* [GIVEN RECORDS]:
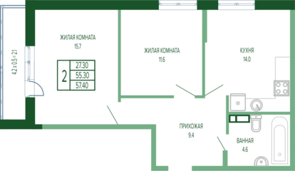 Рассрочка сдача I квартал 2026г 1, 2, 3, 5 комнат от 39.7 до 194.1 м2 от 7,6 до 27,8 млн. руб
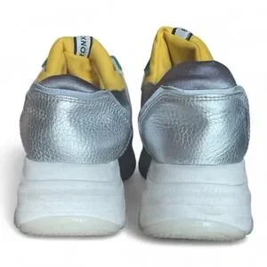 Bronx Baisley Low Top Sneakers White, Yellow , Silver Leather Women EU 40/ US 9
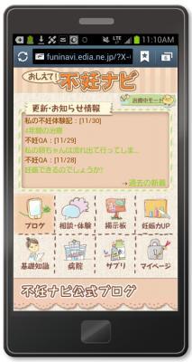 2008年から提供を開始した”初の不妊治療専門公式サイト”である「おしえて!不妊ナビ」は、ユーザーからの不妊に関するあらゆる質問に専門家が答えるコーナー(現在の回答件数:約2,000件)や同じ悩みを持つ仲間と交流できる掲示板やブログ、最新の不妊治療に関する情報の提供等、不妊に悩むカップルに役立つ内容が盛りだくさんのサイトです。
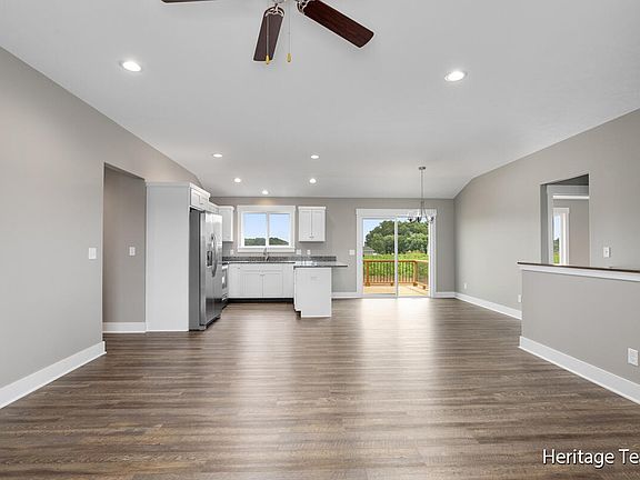 Newly constructed ranch home, open plan with cove ceiling, living room, kitchen with snack bar, granite countertops and stainless appliances, dining area with slider to deck, split plan primary suite with walk-in closet and primary full bathroom, and main floor laundry room, two additional bedrooms and full bathroom, unfinished daylight lower level, storage and utilities, plumbed for a bathroom, two-stall attached garage. Yard finished to final grade. No seeding or landscaping. Listing Agent has financial interest in property.
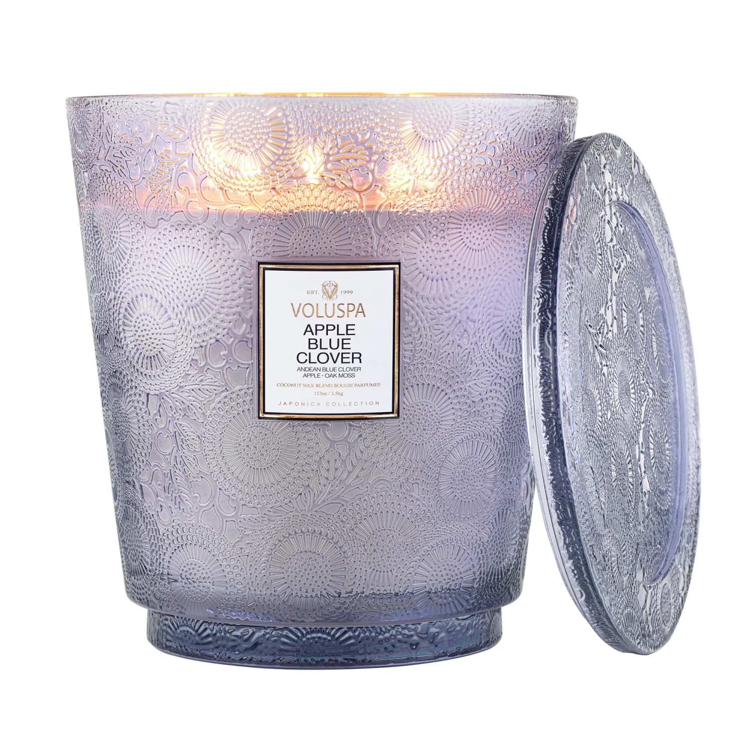 Voluspa’s unique coconut wax blend is hand-poured into a 123 oz. embossed glass vessel and topped with a matching lid that keeps the candle dust-free when not in use. Our five wicks allow you to enjoy fragrance throw for 250 hours. Our candles are hand-poured in the United States and feature our proprietary, clean-burning coconut wax blend and 100% natural wicks. Our products are free of phthalates, pesticides, parabens and sulfates and are never tested on animals. Up-cycle this best seller into a keepsake after the last burn.
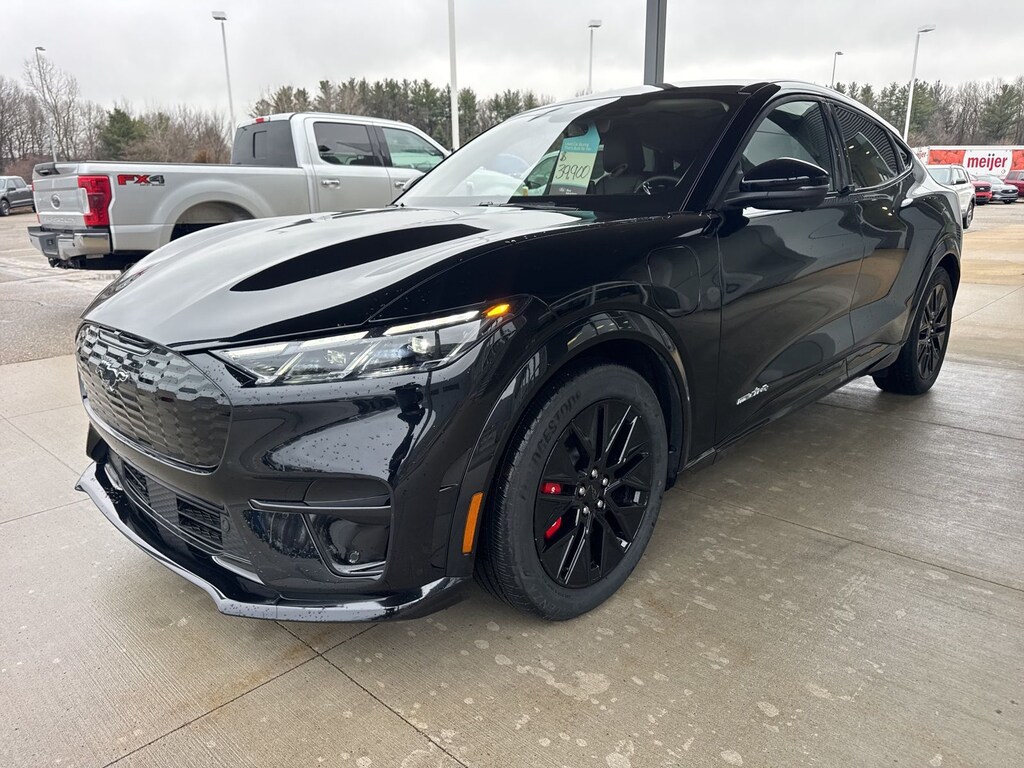 Certified. Shadow Black 2025 Ford Mustang Mach-E Premium AWD Single-Speed Automatic Dual Electric Motor Brembo Branded Front Brakes, Cellular Connectivity for Audio/Video Streaming, Electronic Stability Control, Emergency communication system: 911 Assist, Equipment Group 300A Standard Package, Ford Connectivity Package (One-Time Purchase), Fully automatic headlights, Heated front seats, Heated/Ventilated Perforated ActiveX Bucket Seats, Internet access capable: FordPass Connect, Navigation system: Connected Navigation, Panoramic Fixed-Glass Roof, Power Liftgate, Power passenger seat, Radio: B&O Sound System by Bang & Olufsen, Red Painted Front & Rear Brake Calipers, SiriusXM w/360L, Sport Appearance Package, Sport Pedals, SYNC 4A w/Enhanced Voice Recognition, Unique Front Fascia, Ventilated front seats, Wheels: 19" Monochromatic High Gloss Black-Painted.
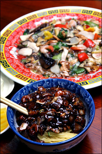 昔ながらの空気が漂う街・乙支路(ウルチロ)に、政治家や芸能人らも訪れるという1948年創業の中国料理店「安東荘(アンドンジャン)」があります。韓国中国料理の定番メニュー、チャジャンミョン(ジャージャー麺)が自慢です。麺は注文後すぐに専用機械で伸ばすためコシがあり、まろやかなチャジャンソースとよく絡まって美味。チョンガボッは海老やフカヒレ、ホタテ、アワビなどの海産物と、きのこやチンゲン菜、セロリなど野菜をふんだんに使った炒めもので自慢の一品です。変わらぬ味を求めてやってくる常連客も多くソウルでも評判の店です。
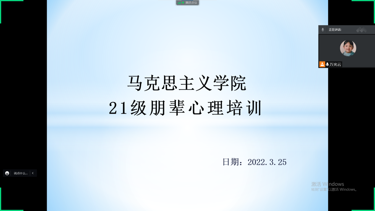 为密切了解同学们的心理状况,及时发现心理问题并妥善解决,3月25日晚,由心理部成员万光云主讲,马克思主义学院21级全体寝室长、专业负责人及各班长参加本次朋辈心理知识培训活动。出于防疫要求,本次会议方式为线上腾讯会议。

* [ACTION ITEM]:
The reply should repeat the data in full, exactly as given, and contain no pictures.

* [SOLVED PROBLEM]:
 Рассрочка сдача I квартал 2026г 1, 2, 3, 5 комнат от 39.7 до 194.1 м2 от 7,6 до 27,8 млн. руб
 Bronx Baisley Low Top Sneakers White, Yellow , Silver Leather Women EU 40/ US 9
 2008年から提供を開始した”初の不妊治療専門公式サイト”である「おしえて!不妊ナビ」は、ユーザーからの不妊に関するあらゆる質問に専門家が答えるコーナー(現在の回答件数:約2,000件)や同じ悩みを持つ仲間と交流できる掲示板やブログ、最新の不妊治療に関する情報の提供等、不妊に悩むカップルに役立つ内容が盛りだくさんのサイトです。
 Newly constructed ranch home, open plan with cove ceiling, living room, kitchen with snack bar, granite countertops and stainless appliances, dining area with slider to deck, split plan primary suite with walk-in closet and primary full bathroom, and main floor laundry room, two additional bedrooms and full bathroom, unfinished daylight lower level, storage and utilities, plumbed for a bathroom, two-stall attached garage. Yard finished to final grade. No seeding or landscaping. Listing Agent has financial interest in property.
 Voluspa’s unique coconut wax blend is hand-poured into a 123 oz. embossed glass vessel and topped with a matching lid that keeps the candle dust-free when not in use. Our five wicks allow you to enjoy fragrance throw for 250 hours. Our candles are hand-poured in the United States and feature our proprietary, clean-burning coconut wax blend and 100% natural wicks. Our products are free of phthalates, pesticides, parabens and sulfates and are never tested on animals. Up-cycle this best seller into a keepsake after the last burn.
 Certified. Shadow Black 2025 Ford Mustang Mach-E Premium AWD Single-Speed Automatic Dual Electric Motor Brembo Branded Front Brakes, Cellular Connectivity for Audio/Video Streaming, Electronic Stability Control, Emergency communication system: 911 Assist, Equipment Group 300A Standard Package, Ford Connectivity Package (One-Time Purchase), Fully automatic headlights, Heated front seats, Heated/Ventilated Perforated ActiveX Bucket Seats, Internet access capable: FordPass Connect, Navigation system: Connected Navigation, Panoramic Fixed-Glass Roof, Power Liftgate, Power passenger seat, Radio: B&O Sound System by Bang & Olufsen, Red Painted Front & Rear Brake Calipers, SiriusXM w/360L, Sport Appearance Package, Sport Pedals, SYNC 4A w/Enhanced Voice Recognition, Unique Front Fascia, Ventilated front seats, Wheels: 19" Monochromatic High Gloss Black-Painted.
 昔ながらの空気が漂う街・乙支路(ウルチロ)に、政治家や芸能人らも訪れるという1948年創業の中国料理店「安東荘(アンドンジャン)」があります。韓国中国料理の定番メニュー、チャジャンミョン(ジャージャー麺)が自慢です。麺は注文後すぐに専用機械で伸ばすためコシがあり、まろやかなチャジャンソースとよく絡まって美味。チョンガボッは海老やフカヒレ、ホタテ、アワビなどの海産物と、きのこやチンゲン菜、セロリなど野菜をふんだんに使った炒めもので自慢の一品です。変わらぬ味を求めてやってくる常連客も多くソウルでも評判の店です。
 为密切了解同学们的心理状况,及时发现心理问题并妥善解决,3月25日晚,由心理部成员万光云主讲,马克思主义学院21级全体寝室长、专业负责人及各班长参加本次朋辈心理知识培训活动。出于防疫要求,本次会议方式为线上腾讯会议。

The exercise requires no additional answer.